Rarity of Community
For my Contemplative Writing students.
Don't cook the meat too long. The juices escape out the skin, making even the inside brittle and crisp. Return to the center again, palpating the outside of the brisket. The center may be bone, but inside of that is marrow, from which butter-like blood cells are born. Cut into that stone, that diamond in the rough gristle, and serve the meat to each other on a gold-rimmed platter. Eat in silence to better appreciate each other. The heart can be cooked and rise again. Puree it, process it, and serve it to company with parsley, and yet it regenerates like a many-headed worm. The more you divide the heart, the larger it grows until all you know is heart; even hate will have so much heart in it that you won't be able to escape the love.
This is how we feast with each other. This is how we need one another and our selves, the very cells that expose themselves to the air each time we cry or cough or laugh in the witness of instant acceptance. Presented as is, always as cooked or as raw as needed for the dish, and always enough to feed the ears of those who attend. Take some extra with you at the end. We're surrounded by a city, a world, starved of this kind of marrow.
The French prefer their beef bloody, but hide their true souls from each other until they are certain it is safe. The Brits cover over even that safety with sarcasm and irony. And Americans don the armor of adolescent bravery - a faux strength that belies our weakest spots in the very act of putting it on.
Try all you want, but an Achilles Heel will ache its way out of your high-heeled shoes and sexy attire. The fire will continue to cook you until you let off steam and write with your finger the words that linger on the face of your reflection in the bathroom mirror. This is not an argument for willy-nilly expression, no, but for finding what's needed for all of us that can escape through a constructive hatch, light the right match, pump into the valve and feed the blood of many boys and girls as they listen to you live your actual life, not some fantasy, but reality. Your broken knives, your previous wives, the five hearts of your own you've hidden from everyone until every bone in your body moaned to go free. Let yourself breathe with the world and when the pain comes, receive it and you will find love and when the love comes, give it away and you will find five more hearts worth of love waiting to refill your coffers.

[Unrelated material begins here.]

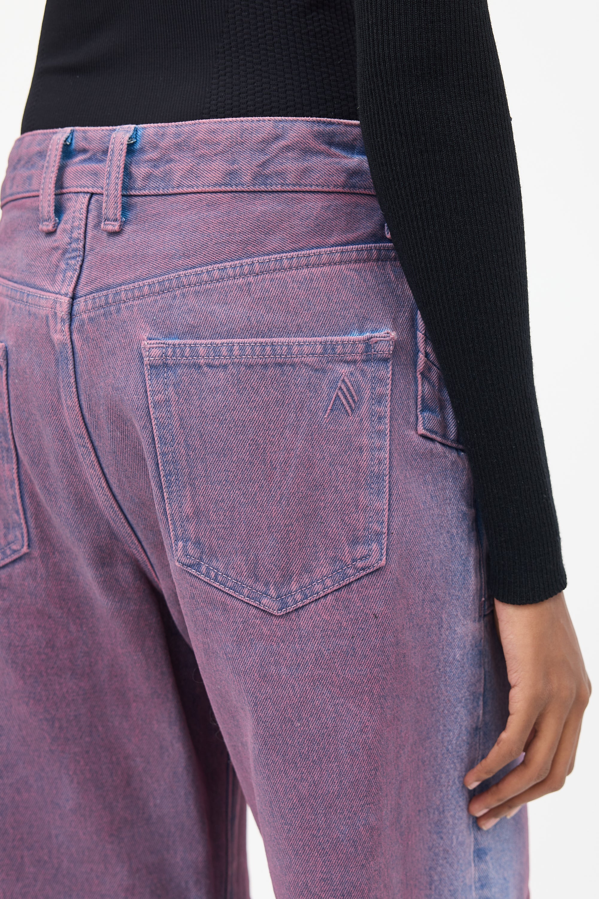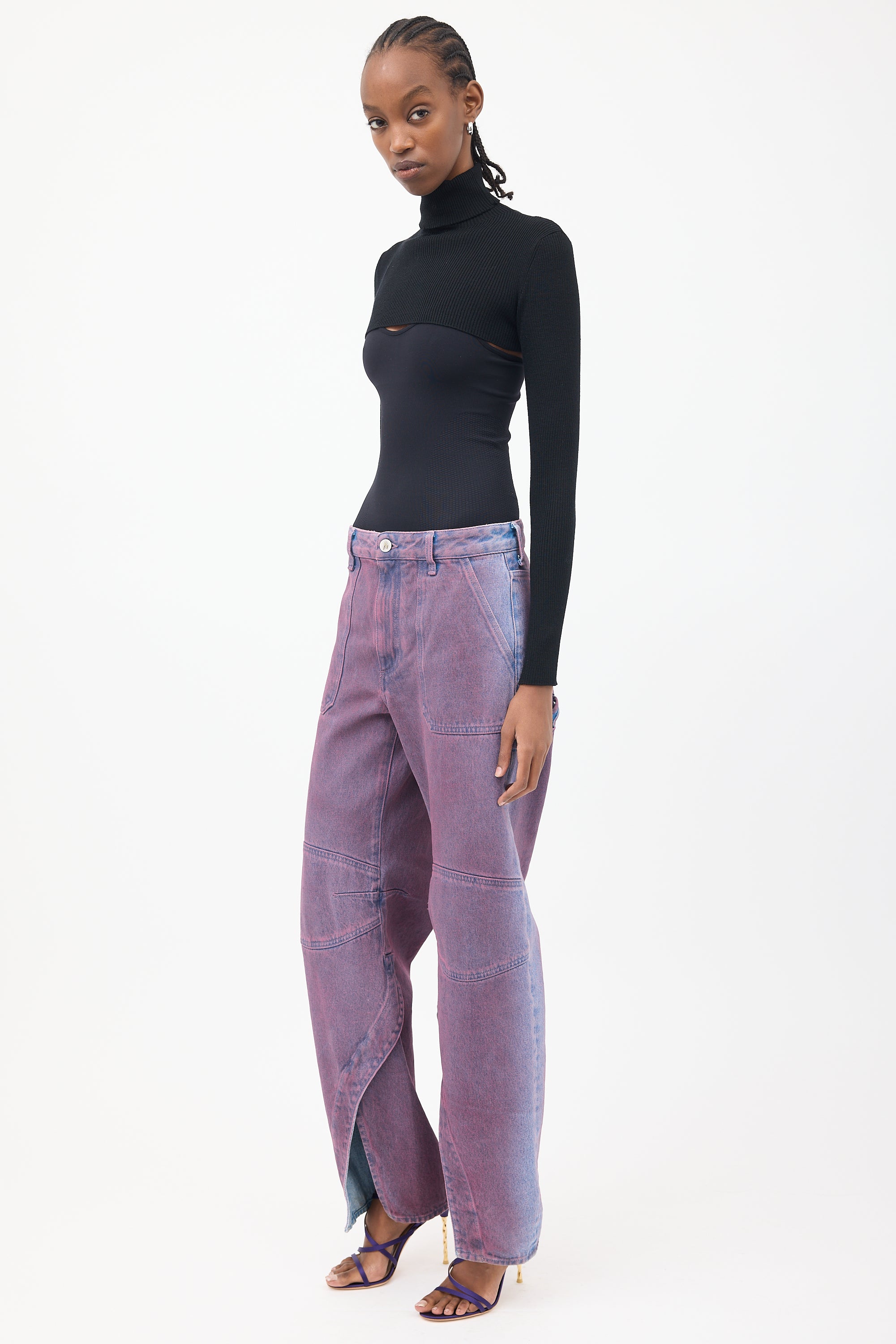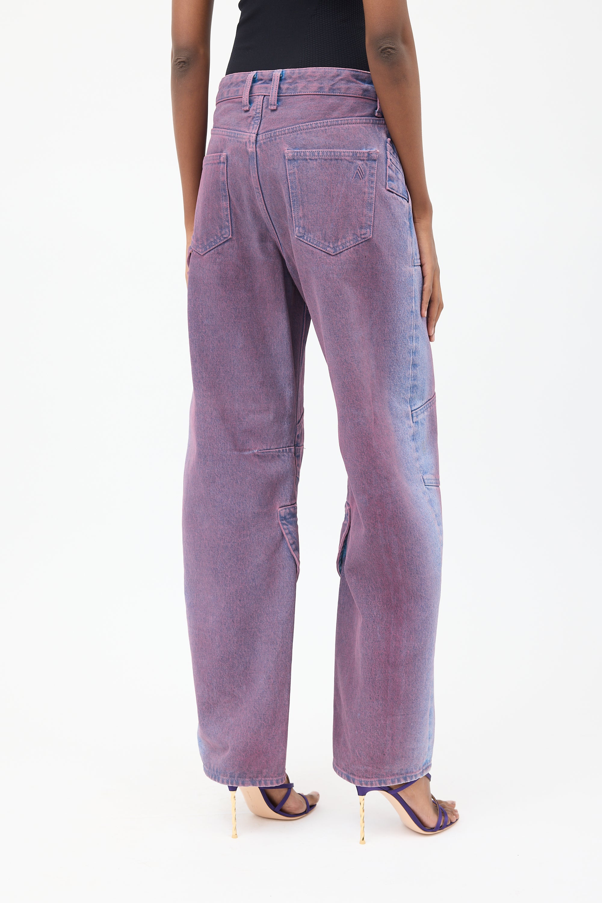 Pre-owned The Attico purple tinted Nox cargo jeans featuring belt loops, four pocket styling, and split cuffs. Clipped to fit model.

Every fable tells us of the people poverty mind infects. The Emperor who must wear the best even if naked, Rumpelstiltskin, who needs the most gold. And yet nothing you hold weighs as much, fills as much, feeds as much as Now. We try to pretend that while makign love or winning a race or getting a raise or feeling the grass on our toes we've done the best we can and if we could stay there the love would last. But we miss it the rest of the time; love the marrow feeding the blood of Hate. The storms that blast poor families into space, the infections that take 40 year old friends in two days.
Khandro Rinpoche said once at a talk to a woman next to me who had expressed that she didn't personally understand how Karma could be so cruel, that the woman "understood perfectly well how the world and Karma worked. (She) just didn't like it." Didn't like that hibiscus blooms next to rust, that not all babies grow up to be adults, that all suffering can be, already is, ameliorated with love.
I'm not sure I like it, either. But I do now believe in the love. And I'm starting to believe it's not as medium rare to rare as we usually think it is. Stick your fork in. You are all ready to serve the world.